Session 2 — Build a pynxtools reader

Duration: 1 hour

Goal: Implement a small reader plugin that converts a mock HDF5 instrument file + a YAML metadata file into a validated NeXus output conforming to NXdouble_slit.

Tip

This session contains a lot of information and exercises. The goal is of course to work through all of them, but depending on your familiarity with Python and NeXus/pynxtools, you may need longer.

Try not to spend too much time with any step. There will be solutions given if you are stuck.

There will be a fully filled NeXus file waiting at the end that you can use in Session 3, regardless of how far you make it here.


How a reader fits in

Here, we are building a small reader that writes a NeXus file compliant with NXdouble_slit. We are using the MultiFormatReader from pynxtools.

The architecture of the reader we want to build looks like this:

mock_data.h5     --> handle_hdf5_file() --> self.hdf5_data --+
eln_data.yaml    --> handle_eln_file()  --> self.eln_data  --+
                                                             |
config_file.json <-------------------------------------------+
      |
      |  "@attrs:some/path"  --> get_attr(key, path)
      |  "@eln"              --> get_eln_data(key, path)
      |  "@data:array_name"  --> get_data(key, path)
      |
      v
  output.nxs  (validated against NXdouble_slit)

The idea is to separate the reading into three steps:

  1. parsing raw measurement and ELN data (handle_hdf5_file, handle_eln_file)
  2. mapping to NeXus data using a config file (config_file.json) and special callback methods ( get_attr, get_eln_data, get_data)
  3. writing the resulting NeXus HDF5 file.

The MultiFormatReader provides all the plumbing.
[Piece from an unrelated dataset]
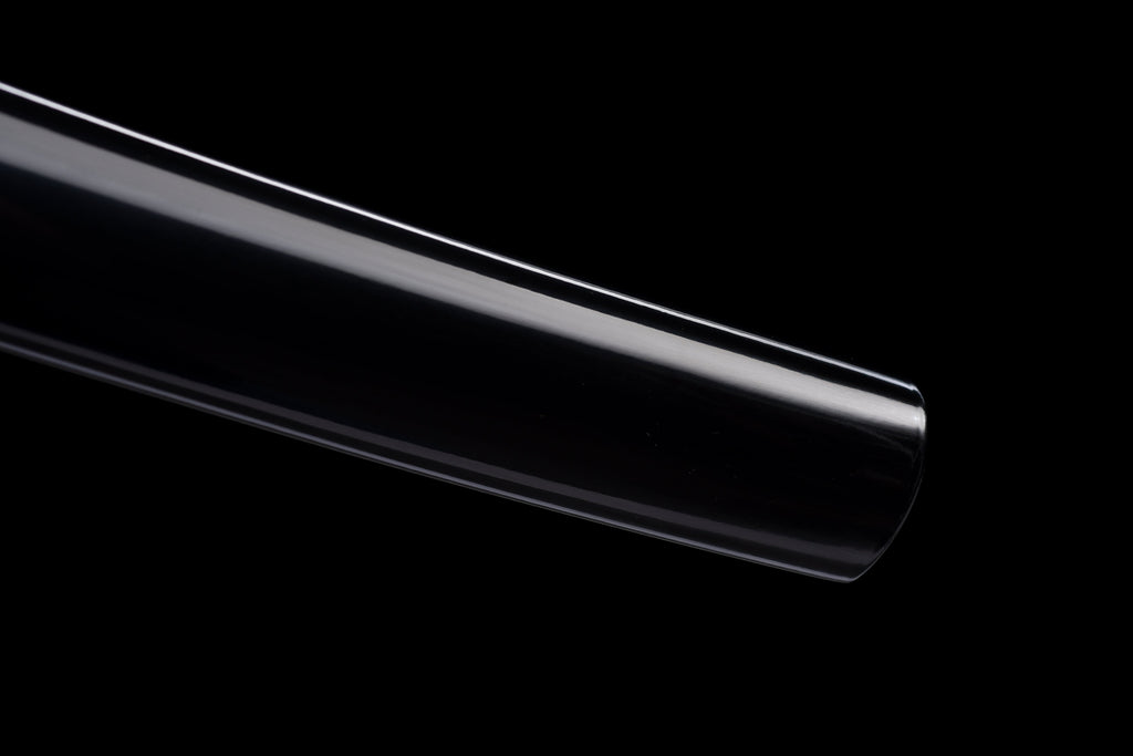 Fodero (Saya 鞘): La lacca nera lucida è impreziosita da un suggestivo intarsio di drago argentato, abbinandosi perfettamente al sageo blu navy.

You write the methods that know about your specific data.


The reader class

Open src/pynxtools_workshop/reader.py. You will find the DoubleSlitReader class, which inherits from MultiFormatReader:

class DoubleSlitReader(MultiFormatReader):

    supported_nxdls = ["NXdouble_slit"]

    CONVERT_DICT = {"instrument": "INSTRUMENT[instrument]"}

    def __init__(self, *args, **kwargs):
        super().__init__(*args, **kwargs)
        self.hdf5_data = None   # populated by handle_hdf5_file
        self.eln_data  = None   # populated by handle_eln_file

        self.extensions = {     # routes each input file to its handler
            ".h5":   self.handle_hdf5_file,   # ← you implement this (Exercise 1)
            ".yaml": self.handle_eln_file,    # ← already implemented
            ".json": self.set_config_file,    # ← provided by MultiFormatReader
        }

    # ── file handlers ──────────────────────────────────────────────────
    def handle_hdf5_file(self, file_path): ...   # Exercise 1 — you implement
    def handle_eln_file(self, file_path):  ...   # already implemented

    # ── callbacks — called by the framework for each @token in config ──
    def get_eln_data(self, key, path): ...       # Exercise 4 — you implement
    def get_attr(self, key, path):     ...       # Exercise 3 — you implement
    def get_data(self, key, path):     ...       # Exercise 5 — you implement

What MultiFormatReader does for you:

  1. Calls each handler registered in self.extensions for the matching input file.
  2. Reads config_file.json and resolves every @token value by calling the matching callback on your class.
  3. Writes the assembled dictionary to the output .nxs file and validates it against NXdouble_slit.

What you implement:

  • handle_hdf5_file — load the HDF5 file and store a flat {path: value} dict on self.hdf5_data so that callbacks can look values up later.
  • get_attr, get_eln_data, get_data — retrieve individual values when the framework resolves each token in the config file.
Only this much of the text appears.